Work to complete: The listing below is to be written out word for word, minus its images.

--*--

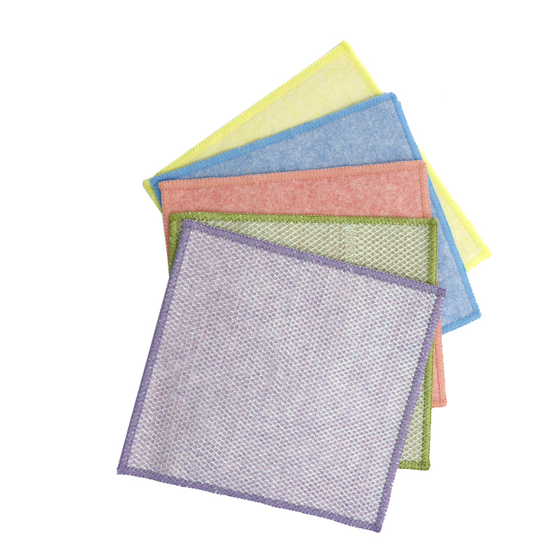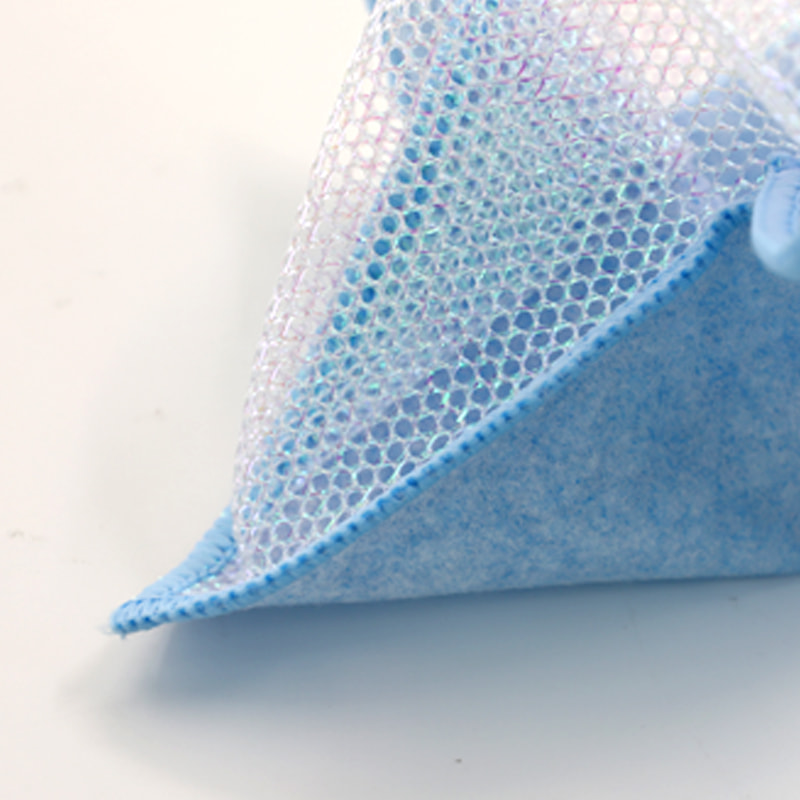 One side is colorful Polyester mixed nylon with strong scraping ability, and the other side is mesh cloth
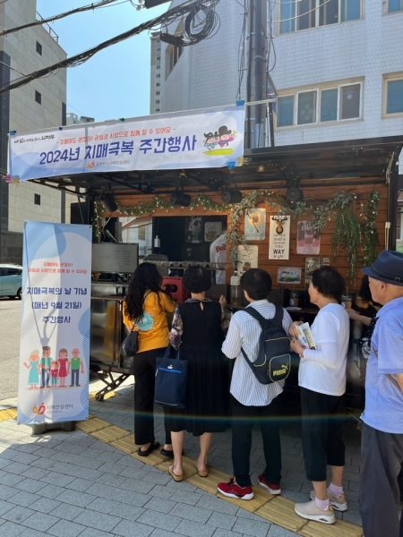 건강음료를 함께 나누며 치매극복을 위한 공감대를 형성하고 현수막과 홍보지, 건강음료 컵걸이 문구 등을 활용해 치매관리의 중요성을 홍보했다.
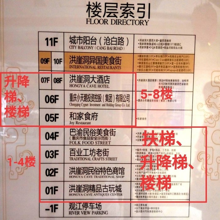 小贴士:1-4楼有扶梯、楼梯、升降梯,5-8楼没有扶梯,要坐电梯上楼还是建议从负一楼上去比较顺利。
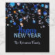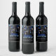 Personalized New Year wine label design featuring shiny ribbons and bokeh lights on a black background. The text is fully customizable.
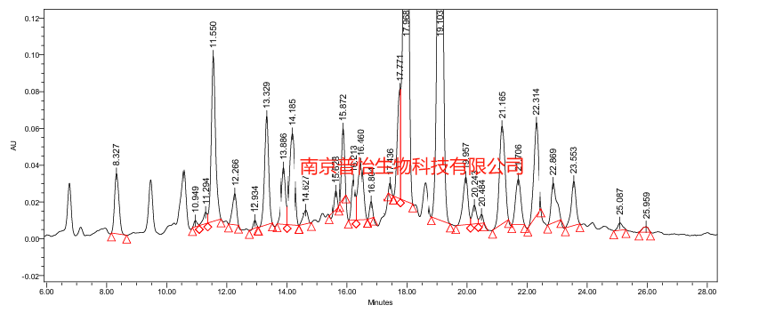色譜圖黃酮色譜峰加以標(biāo)識,共計標(biāo)識出29個黃酮類色譜峰 從放大圖中可以看出,該部分仍有5個非黃酮類化合物,但從峰 面積及峰高判斷,該類化合物占比很小。
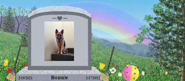Dear Bonnie, you are truly beautiful. Please go to the Bridge and send your precious love down the Rainbow straight into the heart of Yohaness who misses you so much, and much love will be sent right back to you on angels' wings. Dear Yohaness, your world has lost a very special furperson, family member and friend, and heaven has welcomed Home a very special soul. Bonnie is now your very own angel, watching over and for you, just as Jackie, Callie, Tashi, Katy and BG are watching over us, until you meet again and cross the Bridge together. May her sweet presence continually nuzzle your heart until then, and may you find comfort in knowing that the silver thread of love that binds you heart to heart with Bonnie will never be broken. Many blessings and much peace, Clare and Martha...Please visit our Jackie at https://www.rainbowsbridge.com/residents/JACKI010/resident.HTM

--*--

Answer for this exercise:
 One side is colorful Polyester mixed nylon with strong scraping ability, and the other side is mesh cloth
 건강음료를 함께 나누며 치매극복을 위한 공감대를 형성하고 현수막과 홍보지, 건강음료 컵걸이 문구 등을 활용해 치매관리의 중요성을 홍보했다.
 小贴士:1-4楼有扶梯、楼梯、升降梯,5-8楼没有扶梯,要坐电梯上楼还是建议从负一楼上去比较顺利。
 Personalized New Year wine label design featuring shiny ribbons and bokeh lights on a black background. The text is fully customizable.
色譜圖黃酮色譜峰加以標(biāo)識,共計標(biāo)識出29個黃酮類色譜峰 從放大圖中可以看出,該部分仍有5個非黃酮類化合物,但從峰 面積及峰高判斷,該類化合物占比很小。
Dear Bonnie, you are truly beautiful. Please go to the Bridge and send your precious love down the Rainbow straight into the heart of Yohaness who misses you so much, and much love will be sent right back to you on angels' wings. Dear Yohaness, your world has lost a very special furperson, family member and friend, and heaven has welcomed Home a very special soul. Bonnie is now your very own angel, watching over and for you, just as Jackie, Callie, Tashi, Katy and BG are watching over us, until you meet again and cross the Bridge together. May her sweet presence continually nuzzle your heart until then, and may you find comfort in knowing that the silver thread of love that binds you heart to heart with Bonnie will never be broken. Many blessings and much peace, Clare and Martha...Please visit our Jackie at https://www.rainbowsbridge.com/residents/JACKI010/resident.HTM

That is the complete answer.